AQA A Level Maths: Statistics复习笔记1.1.1 Sampling & Data Collection

Types of Data

What are the different types of data?

  • Qualitative data is data that is usually given in words not numbers to describe something
    • For example: the colour of a teacher's car
  • Quantitative data is data that is given using numbers which counts or measures something
    • For example: the number of pets that a student has
  • Discrete data is quantitative data that needs to be counted
    • Discrete data can only take specific values from a set of (usually finite) values
    • For example: the number of times a coin is flipped until a tails is obtained
  • Continuous data is quantitative data that needs to be measured
    • Continuous data can take any value within a range of infinite values
    • For example: the height of a student
  • Age can be discrete or continuous depending on the context or how it is defined
    • If you mean how many years old a person is then this is discrete
    • If you mean how long a person has been alive then this is continuous

What other key words do I need to know?

  • The population refers to the whole set of things which you are interested in
    • For example: if a vet wanted to know how long a typical French bulldog slept for in a day then the population would be all the French bulldogs in the world
  • A sample refers to a subset of the population which is used to collect data from
    • For example: the vet might take a sample of French bulldogs from different cities and record how long they sleep in a day
  • A sampling frame is a list of all members of the population
    • For example: a list of employees’ names within a company
  • A population parameter is a numerical value which describes a characteristic of the population
    • These are usually unknown
    • For example: the mean height of all 16-year-olds in the UK
  • A sample statistic is a value computed using data from the sample
    • These are used to estimate population parameters
    • For example: the mean height of 200 16-year-olds from randomly selected cities in the UK

Sampling Techniques

What are the differences between a census and sampling?

  • A census collects data about all the members of a population
    • For example: the Government in England does a national census every 10 years to collect data about every person living in England at the time
  • The main advantage of a census is that it gives fully accurate results
  • The disadvantages of a census are:
    • It is time consuming and expensive to carry out
    • It can destroy or use up all the members of a population when they are consumables (imagine a company testing every single firework)
  • Sampling is used to collect data from a subset of the population
  • The advantages of sampling are:
    • It is quicker and cheaper than a census
    • It leads to less data needing to be analysed
  • The disadvantages of sampling are:
    • It might not represent the population accurately
    • It could introduce bias

What sampling techniques do I need to know?Sampling Critique

When should each sampling technique be used or avoided?

  • Simple random sampling: this should be used when you want a random sample to avoid bias
    • Useful when you have a small population or want a small sample (such as children in a class)
    • This can not be used if it is not possible to number or list all the members of the population (such as fish in a lake)
  • Systematic sampling: this should be used when you want a random sample from a large population
    • Useful when there is a natural order (such as a list of names or a conveyor belt of items)
    • In order for the sample to be random the sampling frame needs to be random
    • This can not be used if it is not possible to number or list all the members of the population (such as penguins in Antarctica)
  • Stratified sampling: this should be used when the population can be split into obvious groups of members (where members within a group have a common characteristic)
    • Useful when there are very different groups of members within a population
    • The sample will be representative of the population structure
    • The members selected from each stratum are chosen randomly
    • This can not be used if the population can not be split into groups or if the groups overlap
  • Quota sampling: this should be used when a small sample is needed to be representative of the population structure
    • Useful when collecting data by asking people who walk past you in a public place or when a sampling frame is not available
    • This can introduce bias as some members of the population might choose not to be included in the sample
  • Opportunity (convenience) sampling: this should be used when a sample is needed quickly
    • Useful when a list of the population is not possible
    • This is unlikely to be representative of the population structure

What are the main criticisms of sampling techniques?
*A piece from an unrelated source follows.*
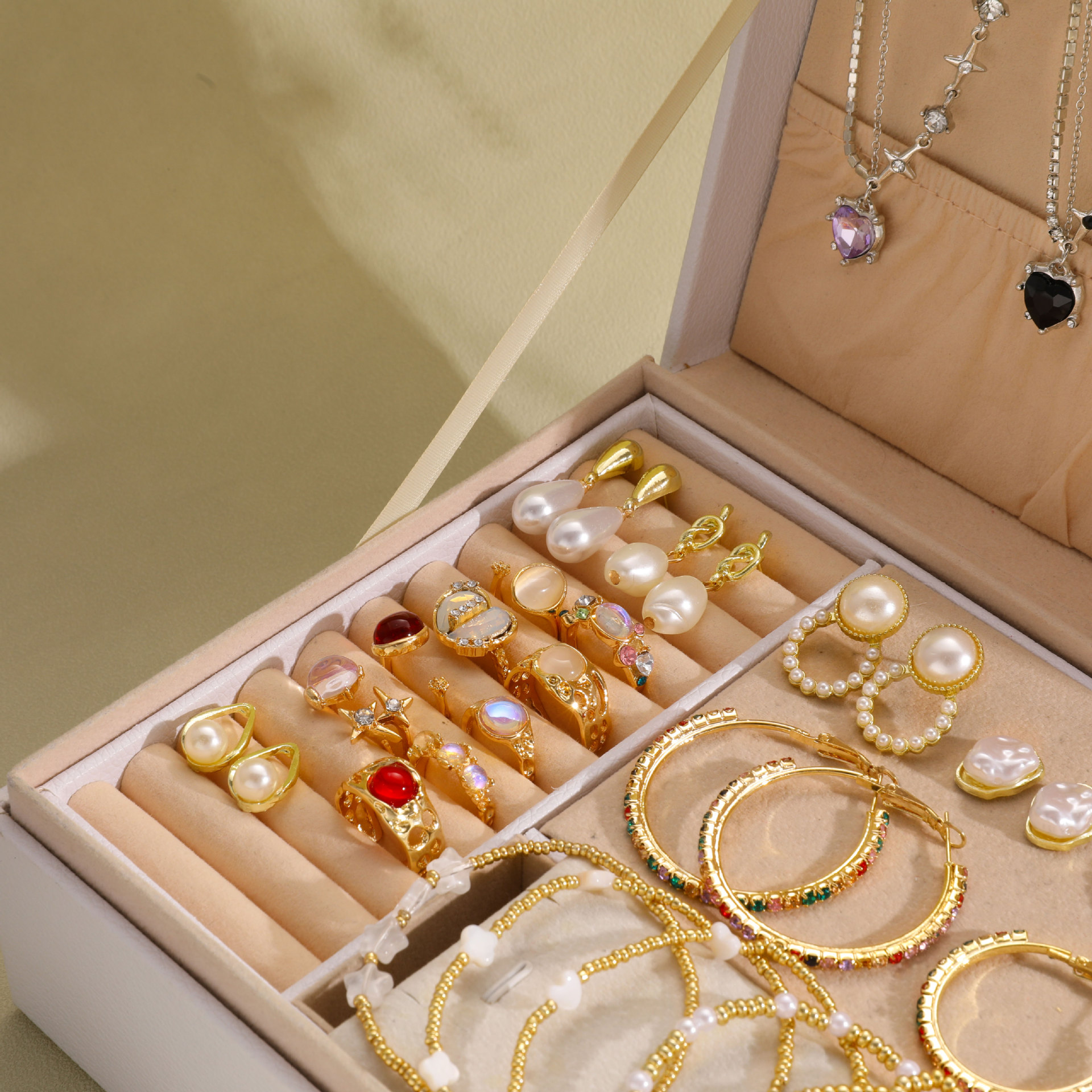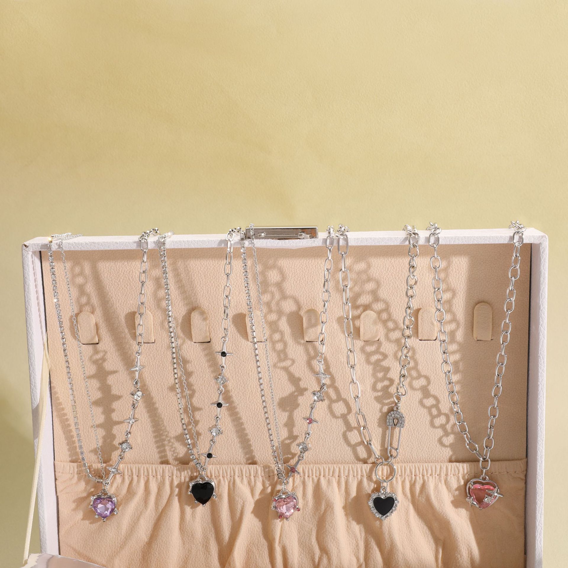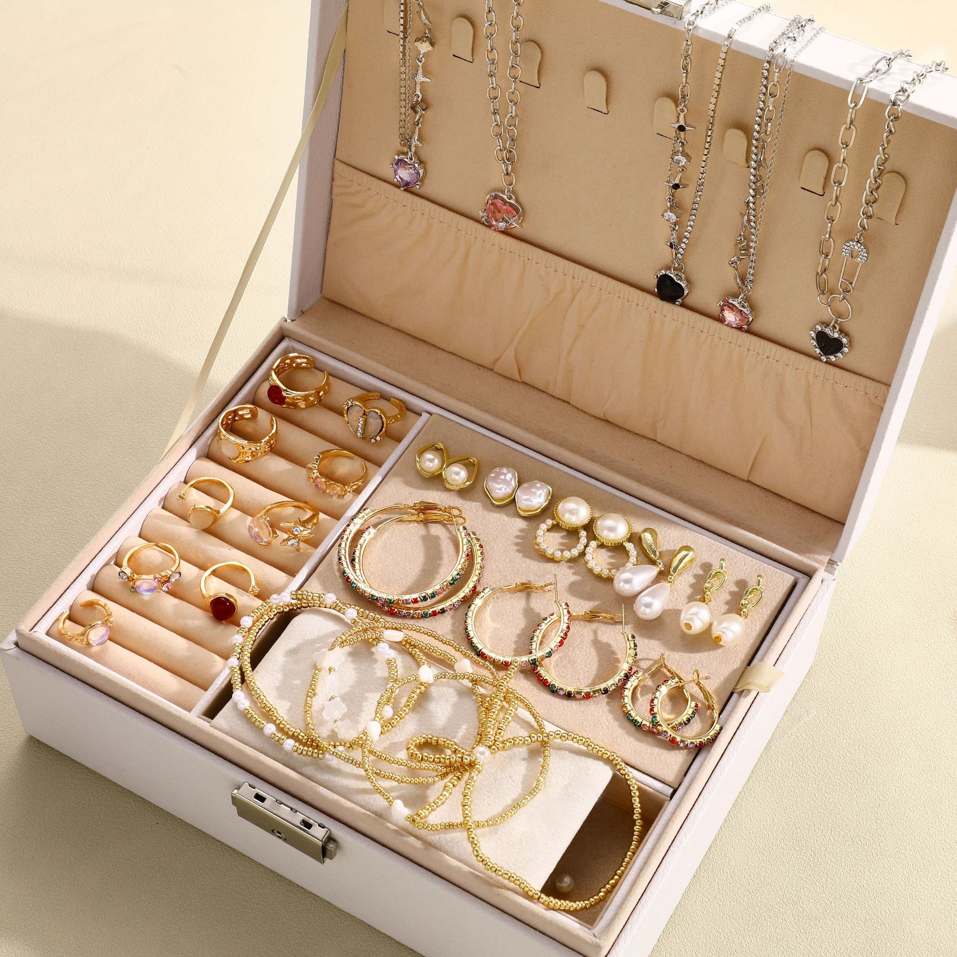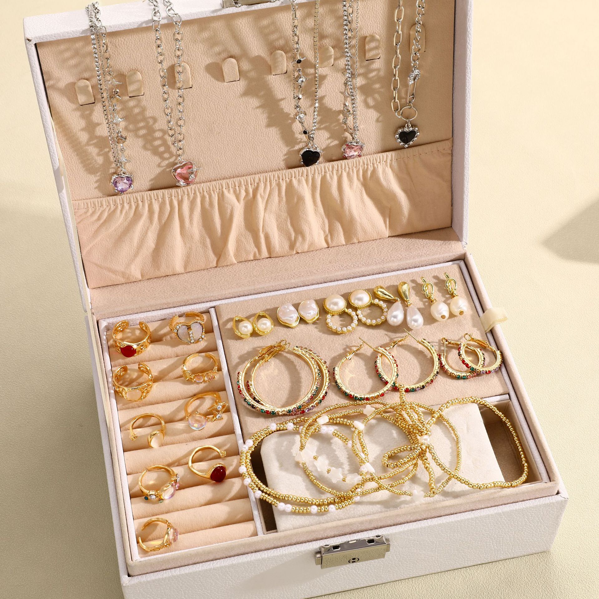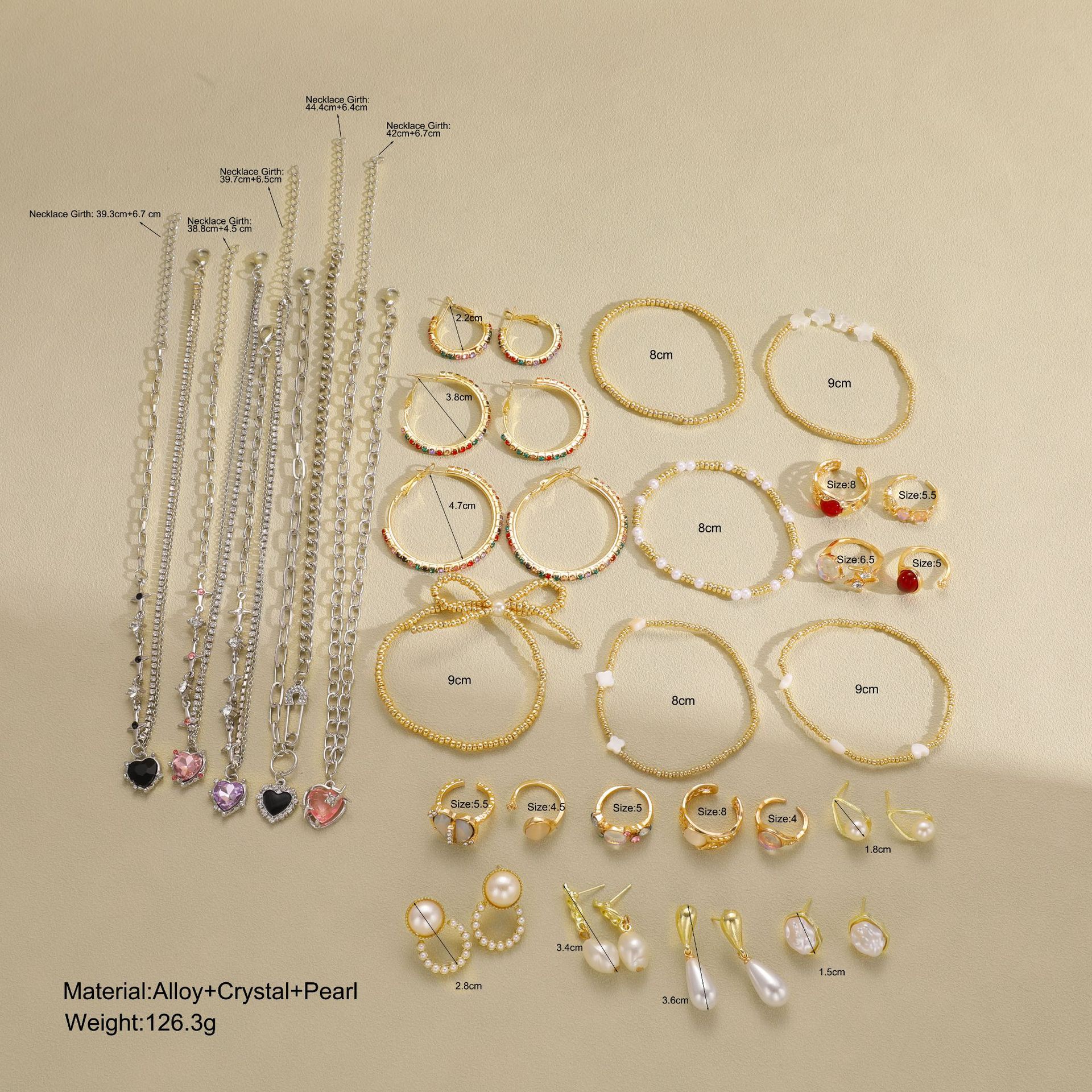 Cross-border New Inlaid Zircon Pearl Love Circle Earrings Necklace Ring Bracelet Jewelry suit Trendy Jewelry

  • Most sampling techniques can be improved by taking a larger sample
  • Sampling can introduce bias - so you want to minimise the bias within a sample
    • To minimise bias the sample should be random
  • A sample only gives information about those members
    • Different samples may lead to different conclusions about the population

Worked Example

Mike is a biologist studying mice in an open enclosure. He has access to approximately 540 field mice and 260 harvest mice. Mike wants to sample 10 mice and he wants the proportions of the two types of mice in his sample to reflect their respective proportions of the population.

(a)Calculate the number of field mice and harvest mice that Mike should include in his sample.
(b)Given that Mike does not have a list of all mice in the enclosure, state the name of this sampling method.
(c)Suggest one way in which Mike could improve his sampling method.


Exam Tip

  • Use common sense when answering questions on this topic. The best way to get a deeper understanding of sampling is to read real articles in the news and think about the sampling methods that have been used.
  • Stratified and quota sampling seem similar, but the main difference is stratified involves randomly selecting the members within each stratum.